Problem description →
Copy word for word the lines in the records below, starting at the line with "本周国外融资事件的融资轮次主" and ending at the line with "Custom Gray Black-White". Skip the pictures.

Available data →

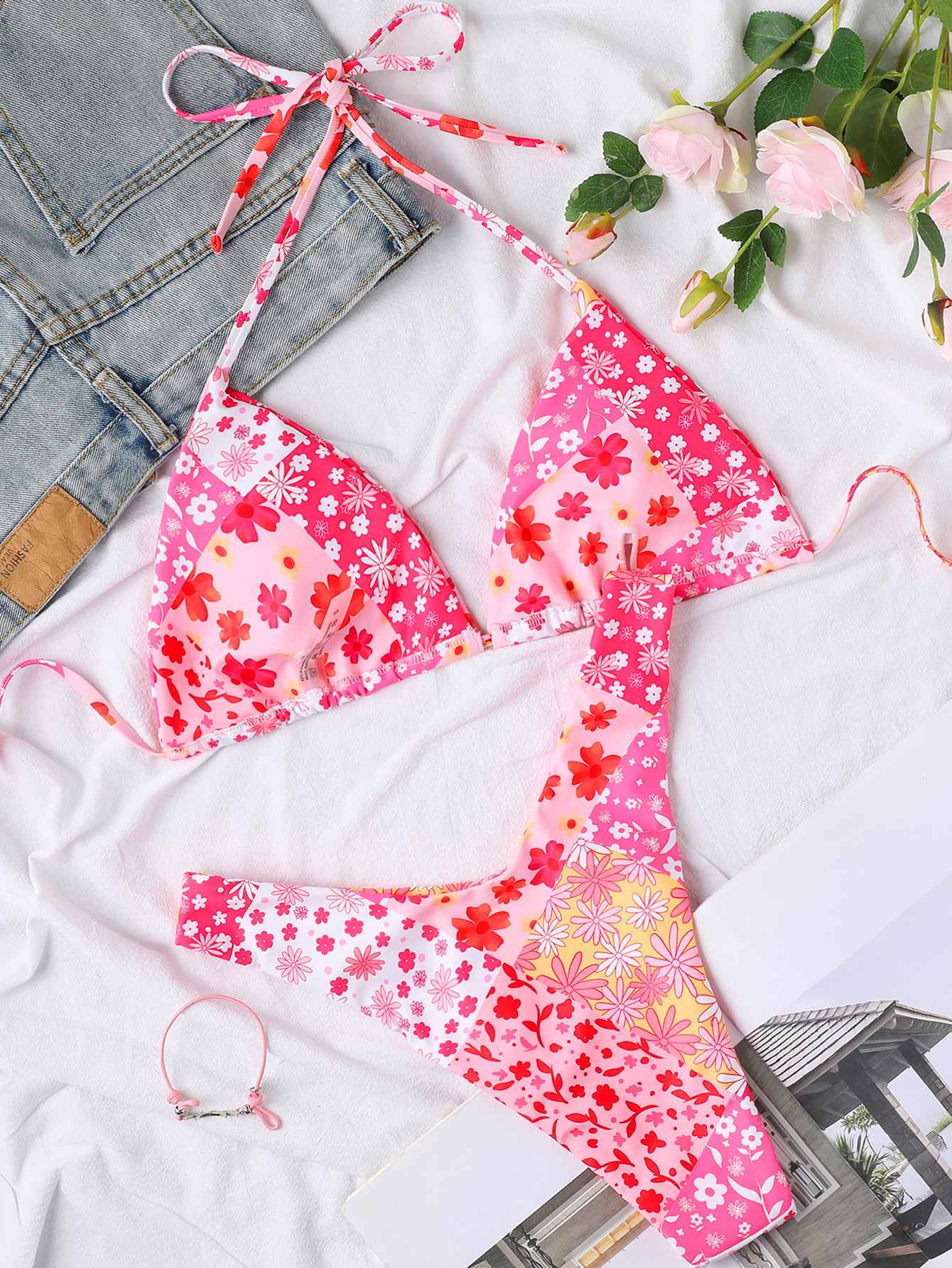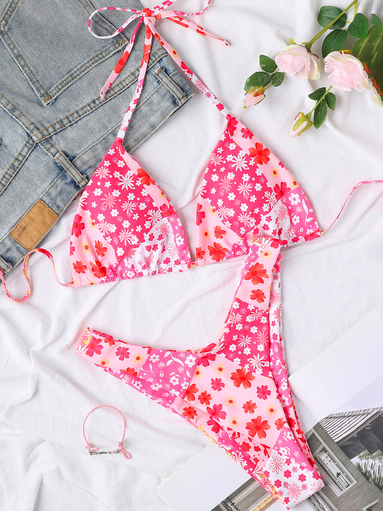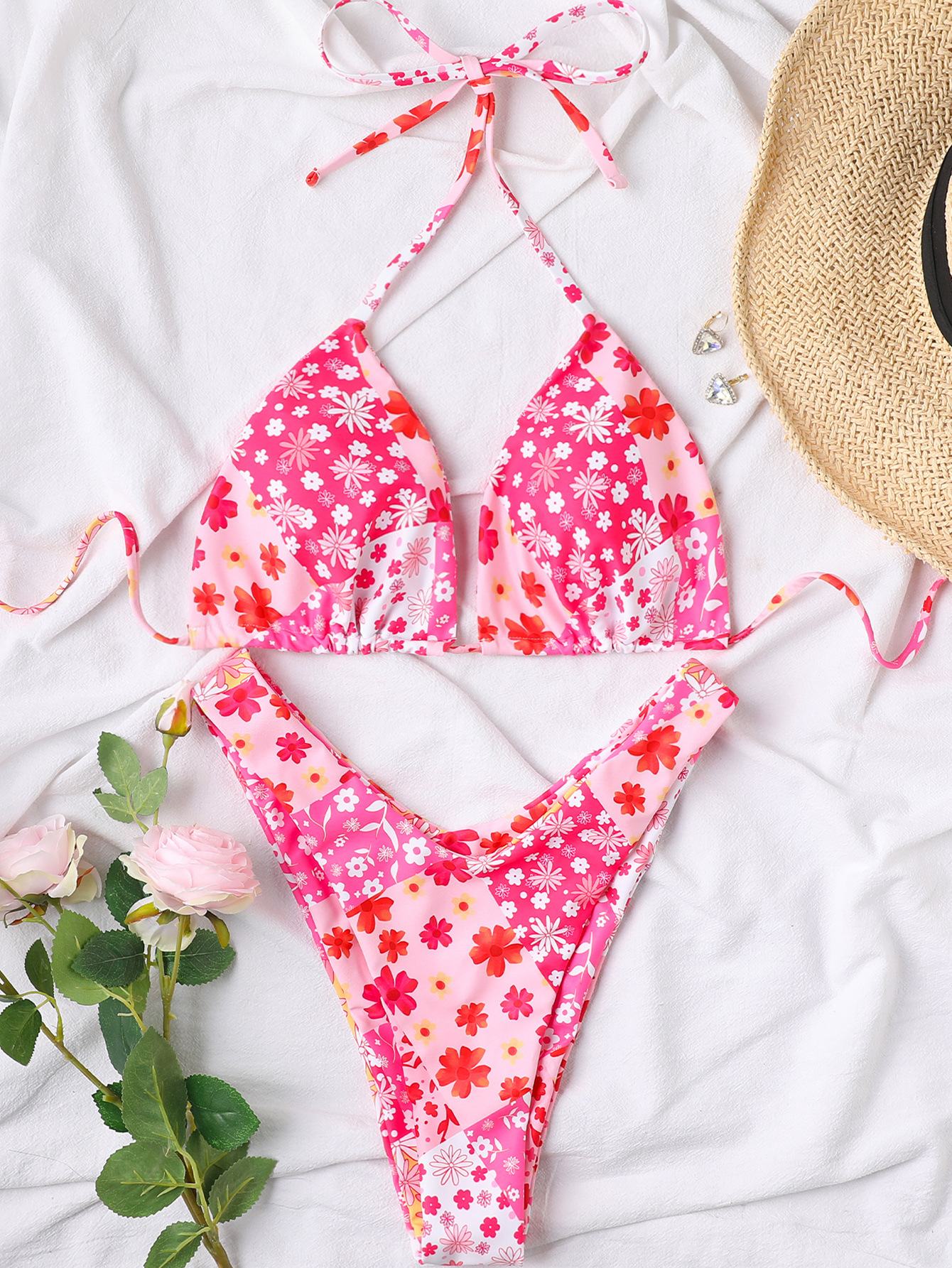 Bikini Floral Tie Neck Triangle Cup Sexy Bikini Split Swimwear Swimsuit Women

--

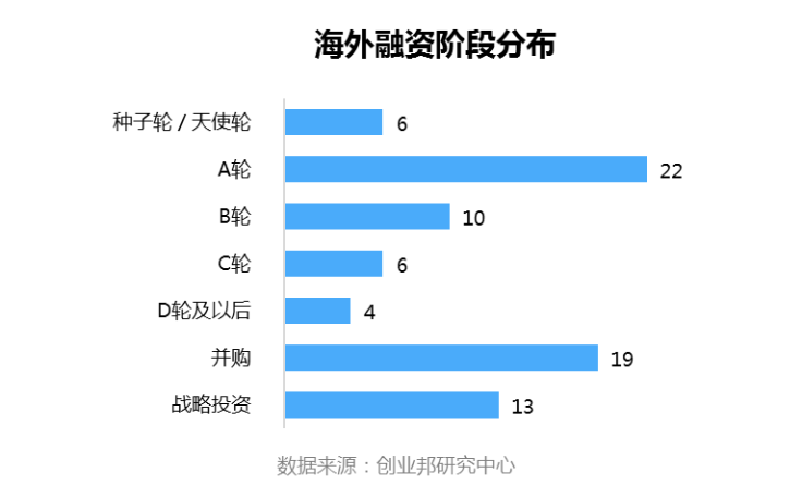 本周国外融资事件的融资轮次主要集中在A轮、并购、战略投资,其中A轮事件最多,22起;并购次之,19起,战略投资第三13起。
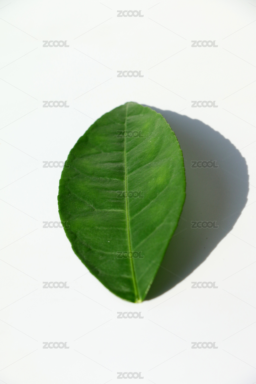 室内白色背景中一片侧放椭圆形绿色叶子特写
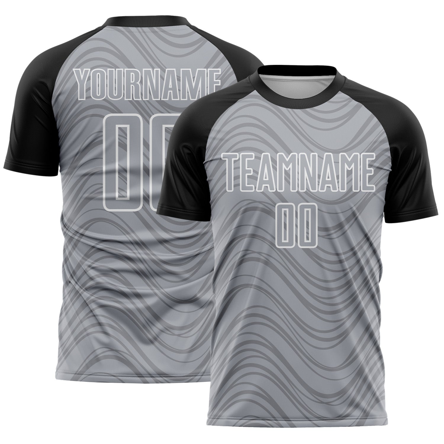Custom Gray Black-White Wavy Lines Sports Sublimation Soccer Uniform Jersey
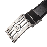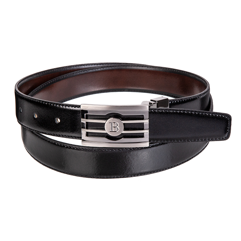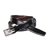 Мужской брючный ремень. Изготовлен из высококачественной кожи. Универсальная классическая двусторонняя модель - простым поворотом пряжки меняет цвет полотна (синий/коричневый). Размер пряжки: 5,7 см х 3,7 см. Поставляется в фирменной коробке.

Exercise solution →
 本周国外融资事件的融资轮次主要集中在A轮、并购、战略投资,其中A轮事件最多,22起;并购次之,19起,战略投资第三13起。
 室内白色背景中一片侧放椭圆形绿色叶子特写
Custom Gray Black-White Wavy Lines Sports Sublimation Soccer Uniform Jersey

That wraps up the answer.